▶ [Exercise details]
Return the listing below exactly, with the pictures dropped.

▶ [Provided records]
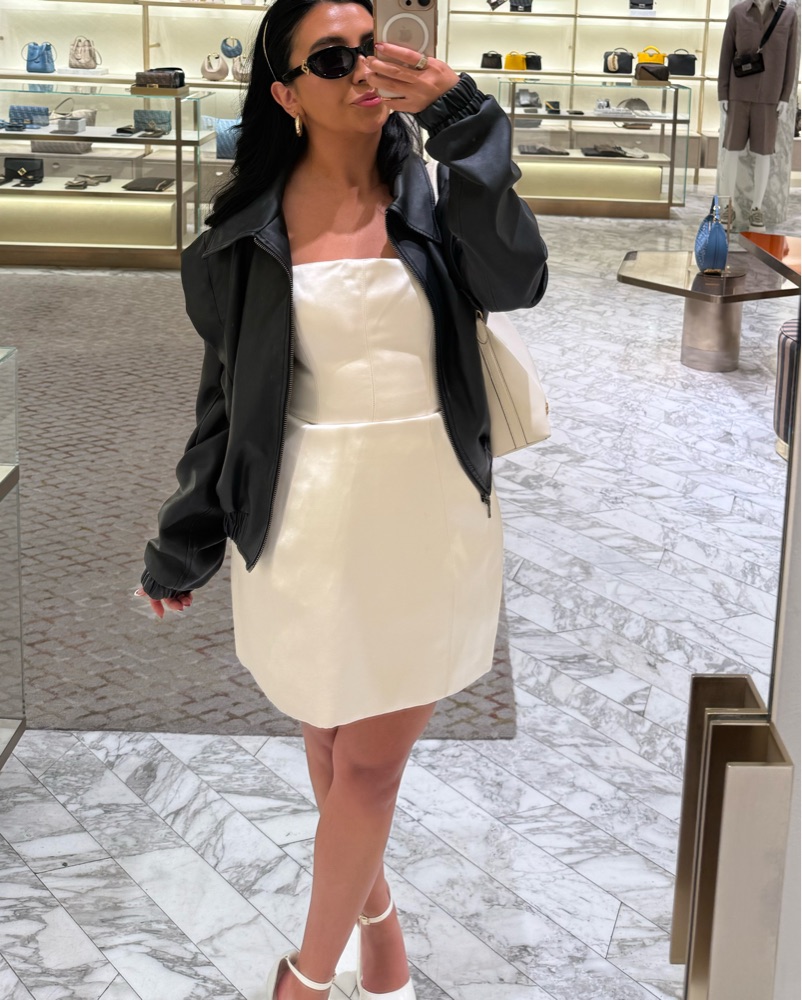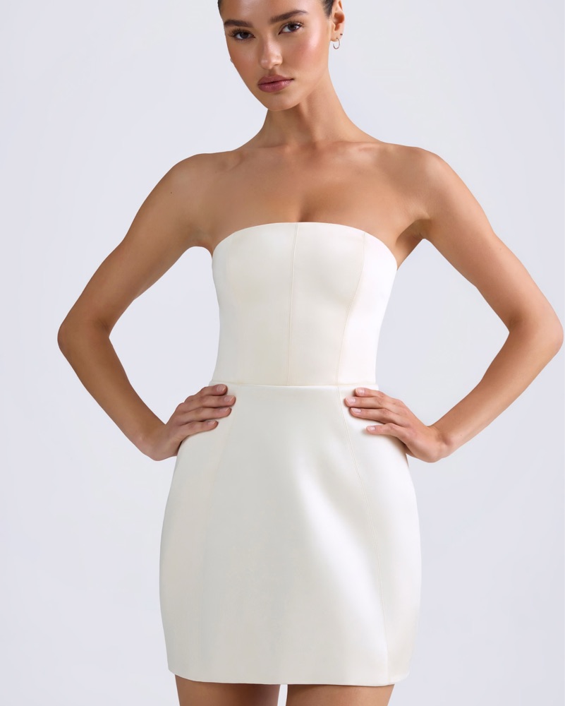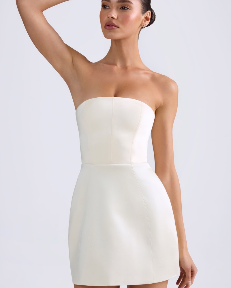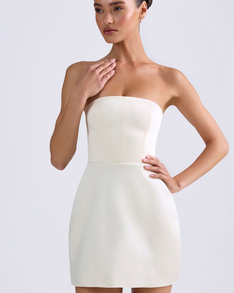 Haisley - Bandeau Structured Tulip Mini Dress in Ivory. Classic minimalism with a structured twist. Modelled on classic styles, the Haisley mini dress is cut from recycled heavyweight satin to a shapely A-line silhouette that sculpts the waist and flares out at the hips. Loop
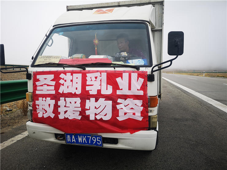 5月24日,青海青海湖乳业有限责任公司向玛多县运输的第一批物资抵达震中,让灾区人民及救灾英雄感受到来自本土企业的关怀和慰问。
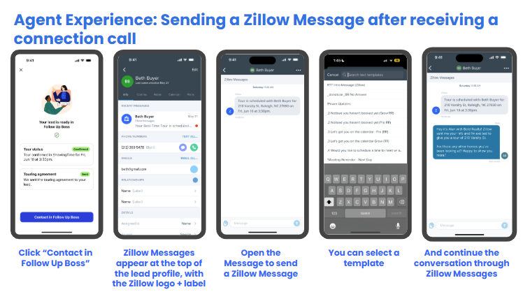After receiving a Zillow connection (from tour requests or property inquiries), you will be able to send a Zillow Message once your appointment has been confirmed by clicking on “Contact in Follow Up Boss” (screen 1), which opens that contact’s page on the FUB mobile app.
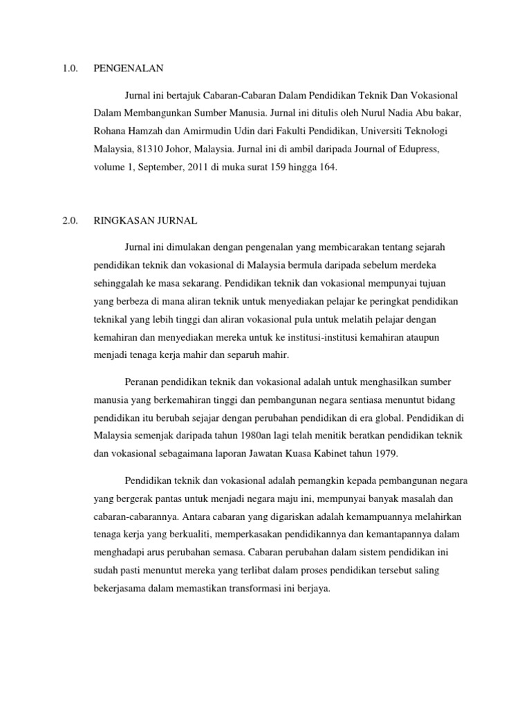 Pdf Tevt Di Malaysia Cabaran Dan Harapan
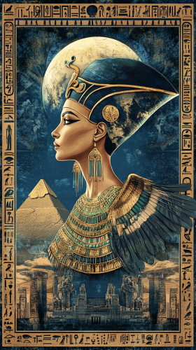 design featuring an elegant portrait of Nefertiti on one side and the goddess Isis with wings outstretched on the other, with the Great Pyramids in the background under a twilight sky. Incorporate intricate Egyptian hieroglyphs around the edges, with golden accents to highlight the ancient aesthetic. Use a color palette of deep blues, rich golds, and soft desert tones for a modern yet timeless feel. --ar 9:16
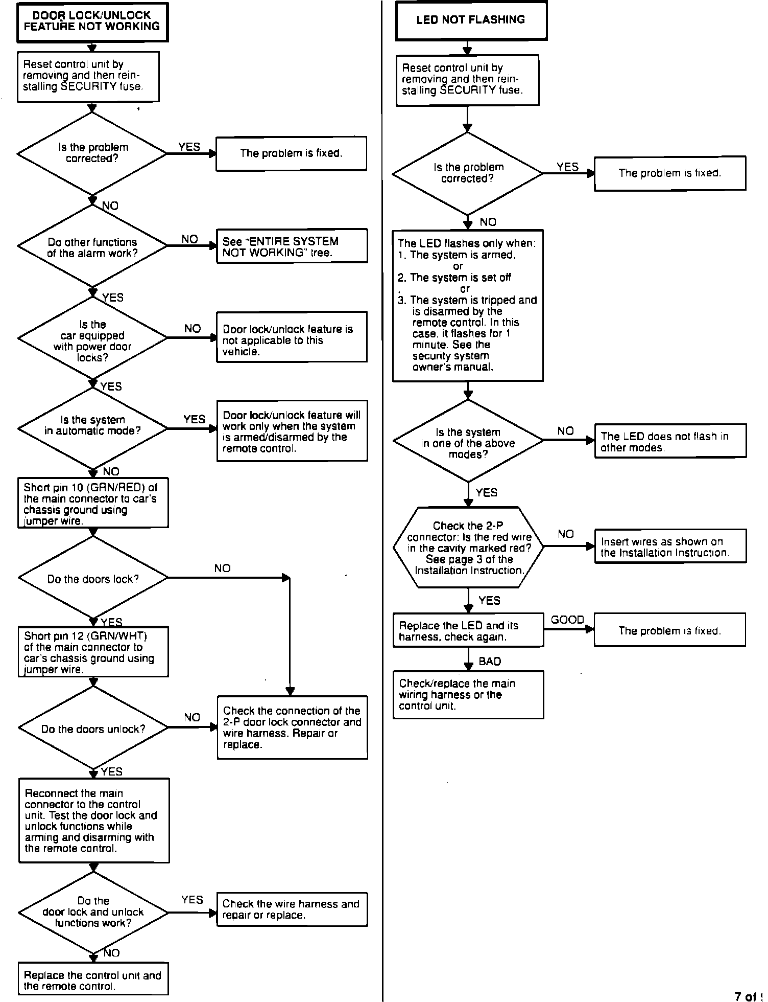 Door Lock/Unlock Feature Not Working/Led Not Flashing
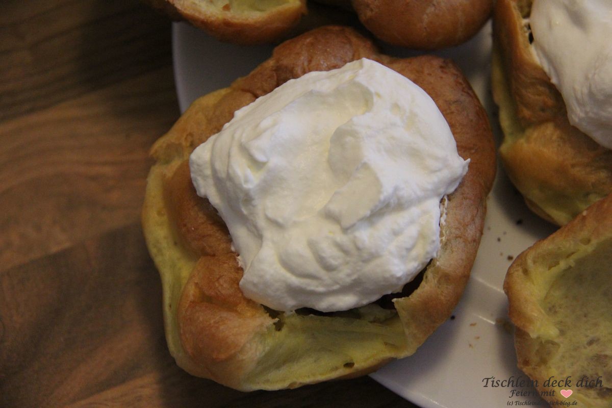 …z.B. zu leckeren Windbeuteln gefüllt mit Sahne, Kirschen und Mandarinen aus der Dose. Unbedingt solltest Du sie mit Puderzucker bestäuben. Auch eine Schokoglasur ist eine leckeres „Finish“ für das Gebäck.
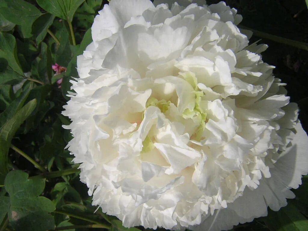 Fragrant jade plants are tall, with crown-shaped flower shapes (sometimes lotus-shaped or tuogui-shaped), round and pointed buds, two rounds of outer petals, large and flat, with purple halo at the base, well-proportioned and dense inner petals, hemispherical, and a small number of stamens intermingled with petals. The pistil degenerates and becomes smaller or the petals turn into green colored petals. The flower is light pink at first, and it is as white as jade when it blooms. The flower diameter is about 20 cm. Xiangyu is the most fragrant variety of peony.
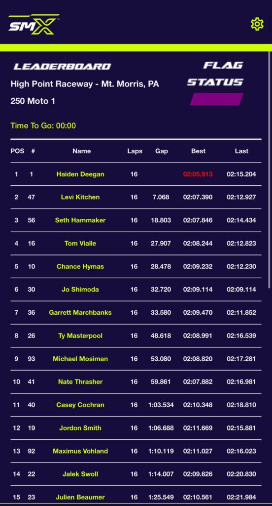 Estuvo Prado ahí 6º hasta media manga cuando presionado por Tomac paso a Webb. Llego a estar 5º pero en los últimos 10 minutos empezó a perder posiciones y acabo el 12º, parece que hay falta de forma física y o que se cansa de luchar con esa moto. Está claro que no se siente a gusto en esa moto. Prado dio unas vueltas decentes. Luego llegó Tomac y perdió más de 3 segundos por vuelta. Hasta lo paso Paturel con una Suzuki. Prado hizo la 6ª mejor vuelta rápida, pero a unos 3 segundos de Jett y Tomac
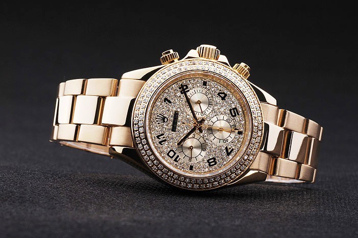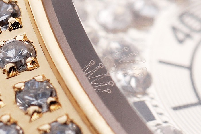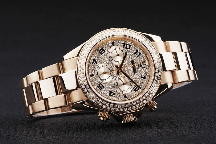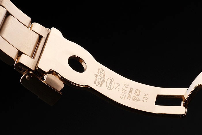 Crown: corona del oro calado tonos con el logotipo de Rolex y dos coronas adicionales a ambos lados de it
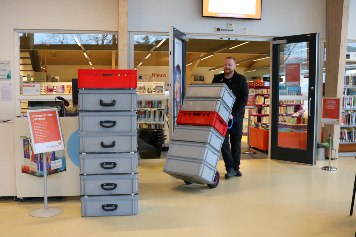 In Vaassen is alles nog donker. Terwijl ik vrolijk kletsend uit de vrachtwagen stap, wijst Melvin me erop dat ik zachtjes moet zijn. ‘De mensen in deze straat slapen misschien nog’, lacht hij. De bibliotheek is nog gesloten. Melvin heeft sleutels mee van bijna alle bibliotheken op zijn route. Zo is hij niet afhankelijk van of er iemand aanwezig is of niet. Hij rijdt het steekwagentje naar binnen en wisselt zonder moeite volle en lege kratten om. In nog geen vijf minuten staan we weer buiten. ‘Soms maak ik een praatje, soms ben ik in en uit. Het hangt van de plek af.’ Terug in de vrachtwagen sorteren we vast de boeken uit voor de rest van de rit.
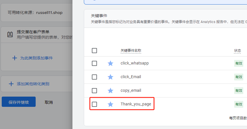 这里就可以看到,我在GA4设置好的事件了,进行选择就可以了。
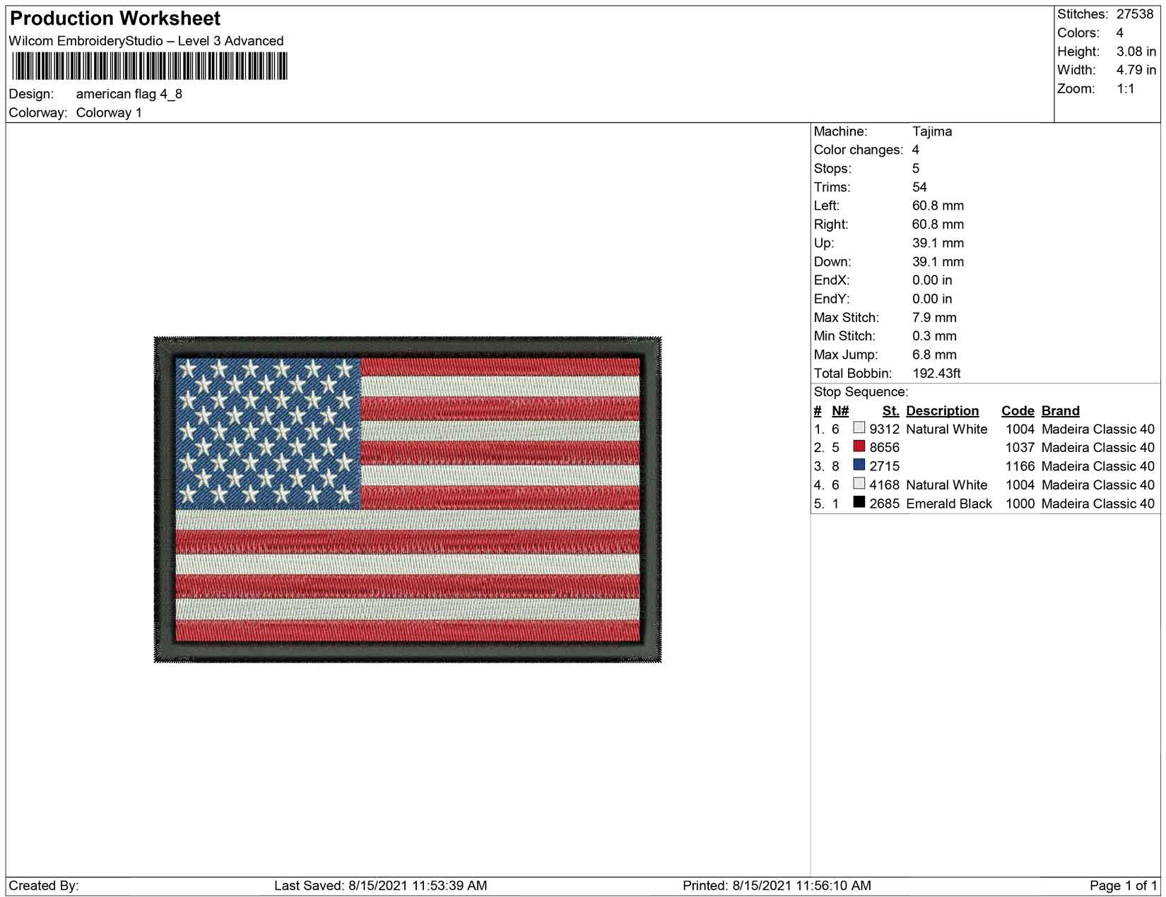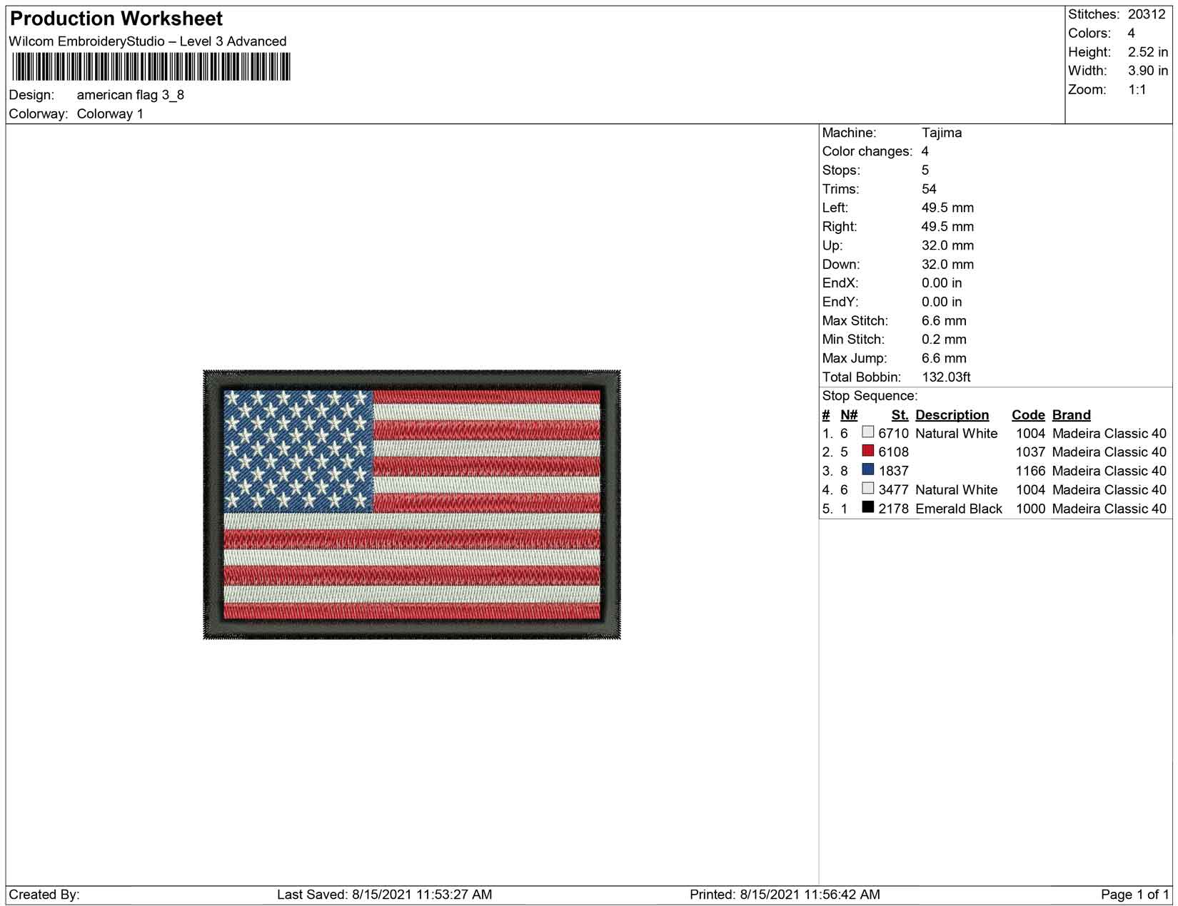 American Flag embroidery
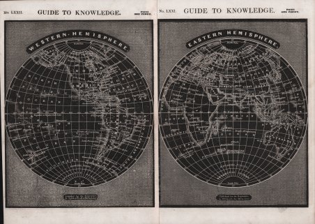 Mappa del mondo in due emisferi tratta da The Guide to Knowledge di William Pinnock, pubblicata a Londra a partire dal 1833. William Pinnock (1782 - 1843) è stato un editore e scrittore educativo britannico. Inizialmente commerciava nella città natale di Alton, nell'Hampshire; trasferì l'attività a Newbury, nel Berkshire, nel 1811 e a Londra nel 1817, quando acquistò i locali della Literary Gazette al 267 di Strand in società con Samuel Maunder. Litografia, ottime condizioni. Rara. Map of the world in two hemispheres from The Guide to Knowledge by William Pinnock, published in London from 1833. William Pinnock (3 February 1782 in Alton, Hampshire – 21 October 1843 in London) was a British publisher and educational writer. Orginally trading in hometown Alton, Hampshire; moved business to Newbury, Berkshire 1811 and to London in 1817 when bought premises of the Literary Gazette at 267 Strand in partnership with Samuel Maunder. Lithograph, very good condition. Rare. Cfr.
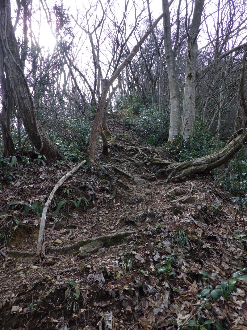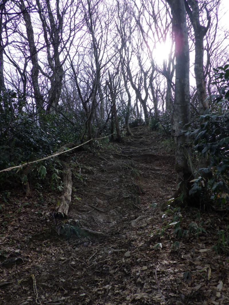 ③中間点まで急登⇒平坦の繰り返しで虎ロープがあります

▶ [Exercise result]
 Haisley - Bandeau Structured Tulip Mini Dress in Ivory. Classic minimalism with a structured twist. Modelled on classic styles, the Haisley mini dress is cut from recycled heavyweight satin to a shapely A-line silhouette that sculpts the waist and flares out at the hips. Loop
 5月24日,青海青海湖乳业有限责任公司向玛多县运输的第一批物资抵达震中,让灾区人民及救灾英雄感受到来自本土企业的关怀和慰问。
After receiving a Zillow connection (from tour requests or property inquiries), you will be able to send a Zillow Message once your appointment has been confirmed by clicking on “Contact in Follow Up Boss” (screen 1), which opens that contact’s page on the FUB mobile app.
 Pdf Tevt Di Malaysia Cabaran Dan Harapan
 design featuring an elegant portrait of Nefertiti on one side and the goddess Isis with wings outstretched on the other, with the Great Pyramids in the background under a twilight sky. Incorporate intricate Egyptian hieroglyphs around the edges, with golden accents to highlight the ancient aesthetic. Use a color palette of deep blues, rich golds, and soft desert tones for a modern yet timeless feel. --ar 9:16
 Door Lock/Unlock Feature Not Working/Led Not Flashing
 …z.B. zu leckeren Windbeuteln gefüllt mit Sahne, Kirschen und Mandarinen aus der Dose. Unbedingt solltest Du sie mit Puderzucker bestäuben. Auch eine Schokoglasur ist eine leckeres „Finish“ für das Gebäck.
 Fragrant jade plants are tall, with crown-shaped flower shapes (sometimes lotus-shaped or tuogui-shaped), round and pointed buds, two rounds of outer petals, large and flat, with purple halo at the base, well-proportioned and dense inner petals, hemispherical, and a small number of stamens intermingled with petals. The pistil degenerates and becomes smaller or the petals turn into green colored petals. The flower is light pink at first, and it is as white as jade when it blooms. The flower diameter is about 20 cm. Xiangyu is the most fragrant variety of peony.
 Estuvo Prado ahí 6º hasta media manga cuando presionado por Tomac paso a Webb. Llego a estar 5º pero en los últimos 10 minutos empezó a perder posiciones y acabo el 12º, parece que hay falta de forma física y o que se cansa de luchar con esa moto. Está claro que no se siente a gusto en esa moto. Prado dio unas vueltas decentes. Luego llegó Tomac y perdió más de 3 segundos por vuelta. Hasta lo paso Paturel con una Suzuki. Prado hizo la 6ª mejor vuelta rápida, pero a unos 3 segundos de Jett y Tomac
 Crown: corona del oro calado tonos con el logotipo de Rolex y dos coronas adicionales a ambos lados de it
 In Vaassen is alles nog donker. Terwijl ik vrolijk kletsend uit de vrachtwagen stap, wijst Melvin me erop dat ik zachtjes moet zijn. ‘De mensen in deze straat slapen misschien nog’, lacht hij. De bibliotheek is nog gesloten. Melvin heeft sleutels mee van bijna alle bibliotheken op zijn route. Zo is hij niet afhankelijk van of er iemand aanwezig is of niet. Hij rijdt het steekwagentje naar binnen en wisselt zonder moeite volle en lege kratten om. In nog geen vijf minuten staan we weer buiten. ‘Soms maak ik een praatje, soms ben ik in en uit. Het hangt van de plek af.’ Terug in de vrachtwagen sorteren we vast de boeken uit voor de rest van de rit.
 这里就可以看到,我在GA4设置好的事件了,进行选择就可以了。
 American Flag embroidery
 Mappa del mondo in due emisferi tratta da The Guide to Knowledge di William Pinnock, pubblicata a Londra a partire dal 1833. William Pinnock (1782 - 1843) è stato un editore e scrittore educativo britannico. Inizialmente commerciava nella città natale di Alton, nell'Hampshire; trasferì l'attività a Newbury, nel Berkshire, nel 1811 e a Londra nel 1817, quando acquistò i locali della Literary Gazette al 267 di Strand in società con Samuel Maunder. Litografia, ottime condizioni. Rara. Map of the world in two hemispheres from The Guide to Knowledge by William Pinnock, published in London from 1833. William Pinnock (3 February 1782 in Alton, Hampshire – 21 October 1843 in London) was a British publisher and educational writer. Orginally trading in hometown Alton, Hampshire; moved business to Newbury, Berkshire 1811 and to London in 1817 when bought premises of the Literary Gazette at 267 Strand in partnership with Samuel Maunder. Lithograph, very good condition. Rare. Cfr.
 ③中間点まで急登⇒平坦の繰り返しで虎ロープがあります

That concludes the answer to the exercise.